El tranvía se acerca haciendo sonar la campana. Me subo. Mientras arranca
y yo busco en la cartera el bono para pagar el viaje, pienso en mi instante de
flaqueza.
«Así sólo lograremos que vengan más».

[3]
La explosión de un petardo hace ladrar a los perros. Me asomo al jardín. Me
fijo en la tira de bombillas de colores enrollada en la barandilla de la terraza
que tengo enfrente. Al mismo ritmo de su intermitencia, de ellas se escapan en
un bucle inacabable las notas de Noche de paz con el torpe compás con que un
niño interpretaría la canción en un órgano eléctrico de juguete.
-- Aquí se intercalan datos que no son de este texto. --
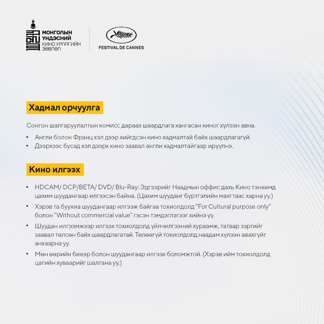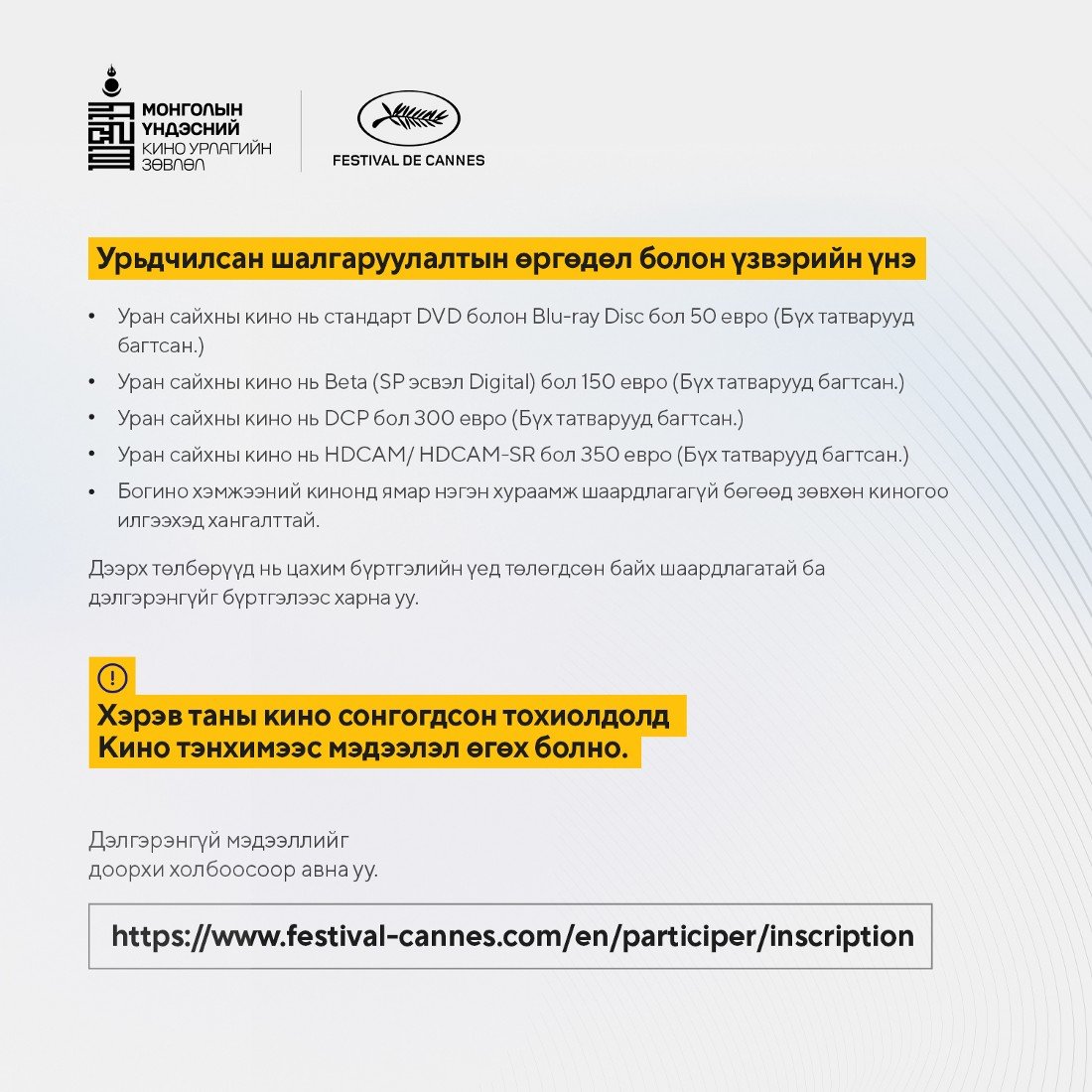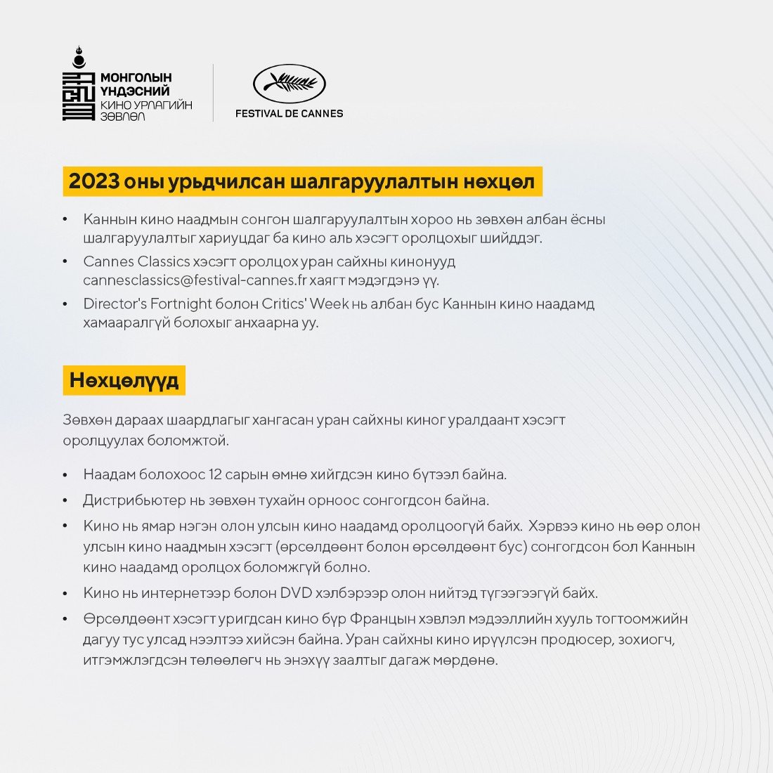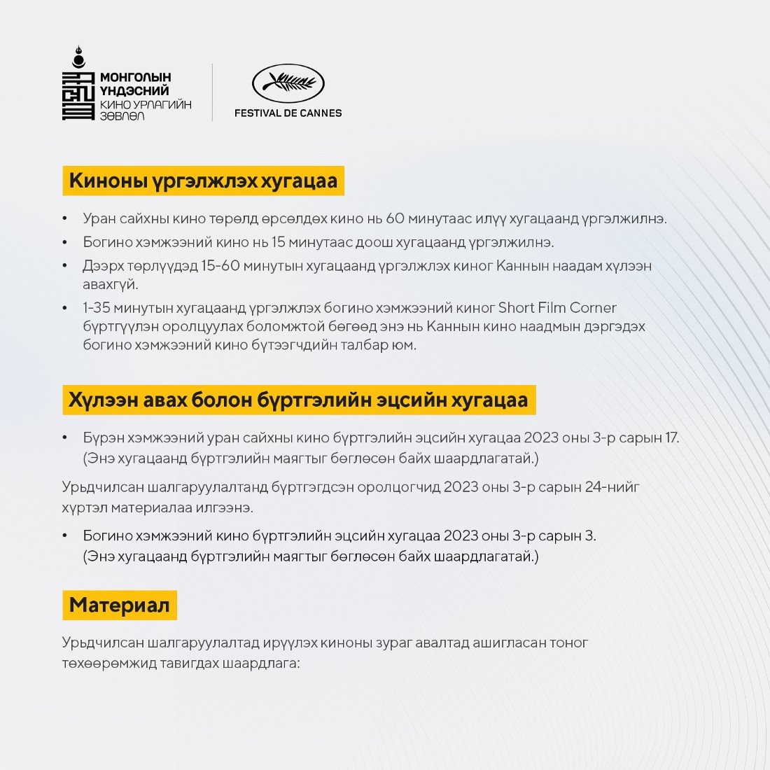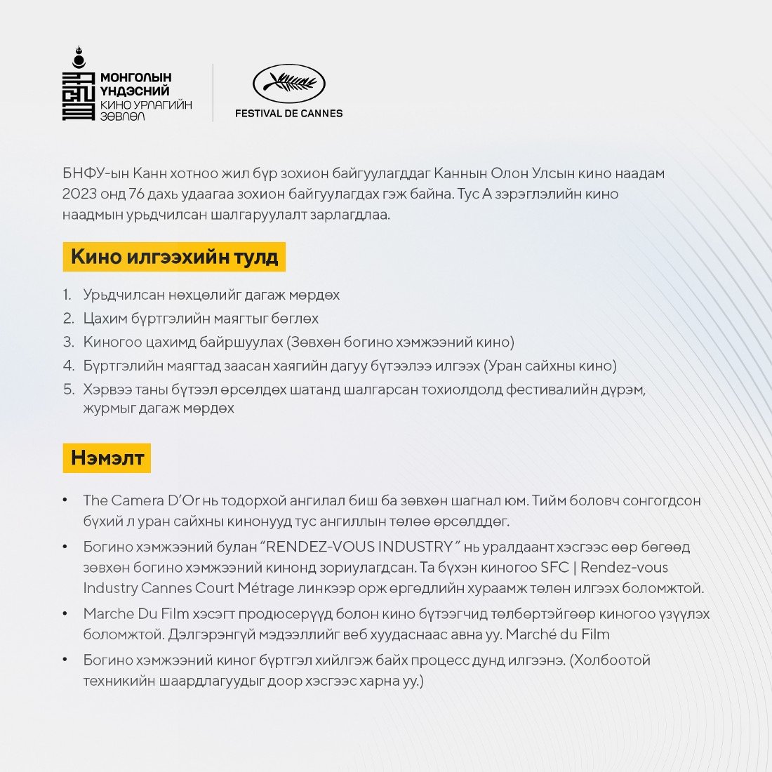 76 дахь удаагийн Каннын олон улсын кино наадмын урьдчилсан шалгаруулалтад хэрхэн оролцох талаарх мэдээллийг хүргэж байна.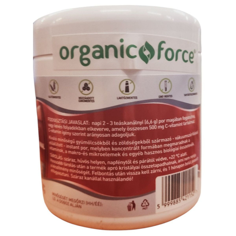 Magas flavonoid és antioxidáns tartalmú szuperkoncentrátum. Összetevői támogatják a fizikai és szellemi aktivitást. Cékla, fekete ribizli, kék áfonya, sárgarépa tartalmú. Napi javasolt adagban 500mg C vitaminnal + az összetevők természetes vitamintartalmával. Kollagén tartalommal a napi javasolt adagban 1660mg. Inulin összetevővel, amely prebiotikumként a bélflóra egyensúlyát támogatja. Instant por állagú szuperkoncentrátum, kanálról vagy kevés folyadékban elkeverve is jól fogyasztható. Pótold a napi C-vitamin adagod úgy, hogy közben természetes vitamintartalmú szuperkoncentrátummal erősíted az immunrendszered.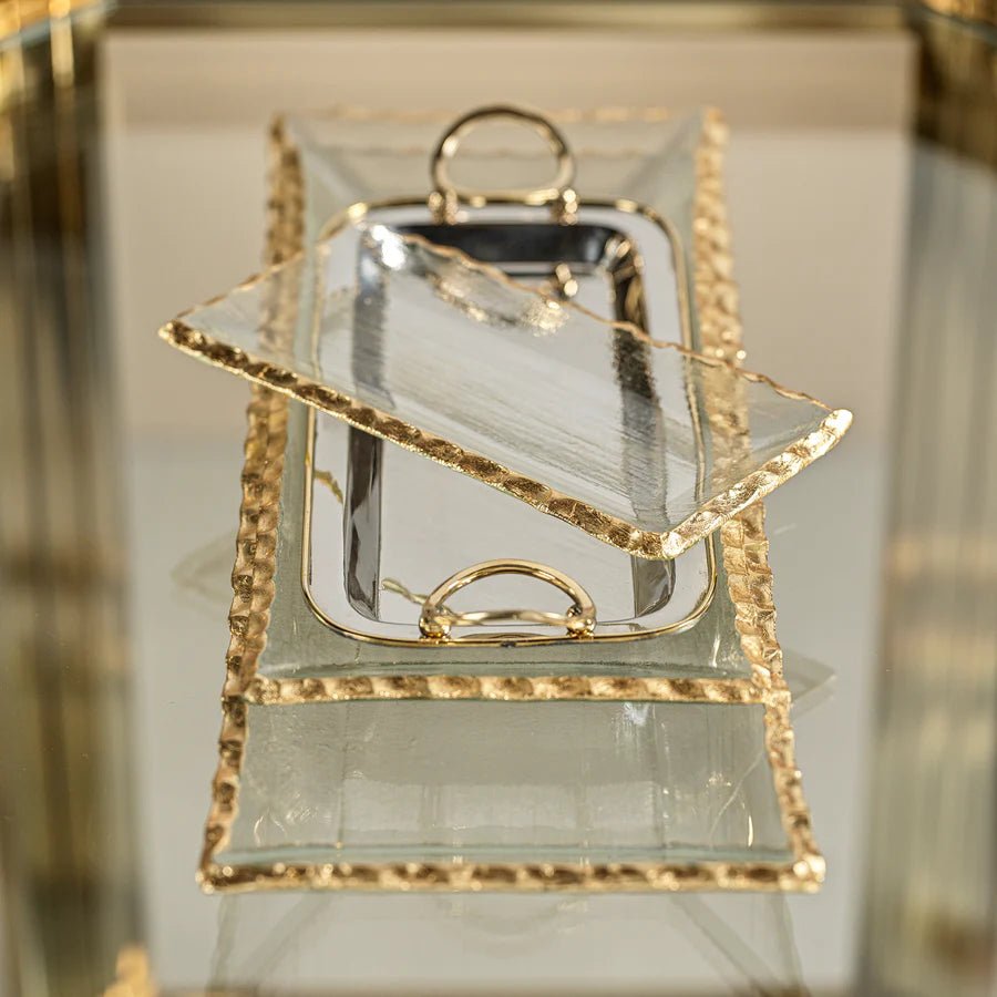 Textured Rectangle Tray w Jagged Gold Rim - 14.5"

Regreso dentro. En mi salón nada, salvo los anuncios que aparecen sin
descanso en el televisor, recuerda la Navidad. Mientra busco el mando a
distancia del televisor para acabar con aquello, suena el timbre del teléfono.
Leo el número desde el que llaman. Es mi hija.
—Dígame.
—Hola, papá. Feliz Navidad.
—¿Qué tal estáis?
—Bien, ¿y tú?
—Bien.
—¿Estás solo?
—Sí, claro, aquí no vive nadie más. ¿Qué clase de pregunta es esa? ¿Con
quién quieres que esté?

-3-
—Pues no sé, con unos amigos, con cualquiera. Lo que te pregunto es si vas
a cenar solo o pasarás esta noche con alguien. No se si lo sabrás, pero es
Nochebuena.
—Ya me había enterado. No veo necesario el sarcasmo.
—Oye, si no tienes ganas de hablar, cuelgo.
—Venga, no nos enfademos… Ya sé que te hacía ilusión que pasáramos la
Navidad todos juntos en París, con vosotros. No ha podido ser, qué le vamos a
hacer… Ha llegado ya tu madre.
—Sí, llegaron ayer… Eduardo y ella.
—Ya.
—Está muy bien, hasta diría que se la ve más joven. Me dice que te dé un
beso de su parte.
—Ya.
—Entonces qué, ¿vas a cenar solo o estarás con alguien?
—Rosalía me ha invitado a cenar en su hotel.
—Dale un abrazo... Es buena gente.
—Claro, se lo daré.
—Bueno, te dejo que estamos preparando la cena.
—Sí, yo también tengo que preparar… prepararme para ir a cenar.
—Pues feliz Navidad.
—Igualmente, hija. Saluda a tu marido de mi parte… ¿Y la nena?
—Está jugando con mamá, dice que la ayuda a hacer la cena. ¿Quieres que
se ponga?
—No hace falta, déjala que juegue. Dale un beso de mi parte.
—Claro. Pedro te devuelve el saludo. Feliz Navidad.
—Feliz Navidad.
Dejo el teléfono sobre la mesa. En la televisión suena el himno nacional. Me
olvido del mando a distancia y camino a la cocina. Saco una lata de espárragos
de la despensa. La pongo en la mesa de la cocina. De un cajón, cojo un
tenedor, un cuchillo y la servilleta; y un vaso de la vitrina que hay encima.
Abro la nevera. Voy a sacar el filete que dejé descongelándose. Cambio de idea,
no me apetece. Me decido por una cerveza, un bote de mayonesa y un paquete
de lonchas de jamón serrano. Cuando me siento a la mesa de la cocina, la voz
del rey me llega apagada desde el salón.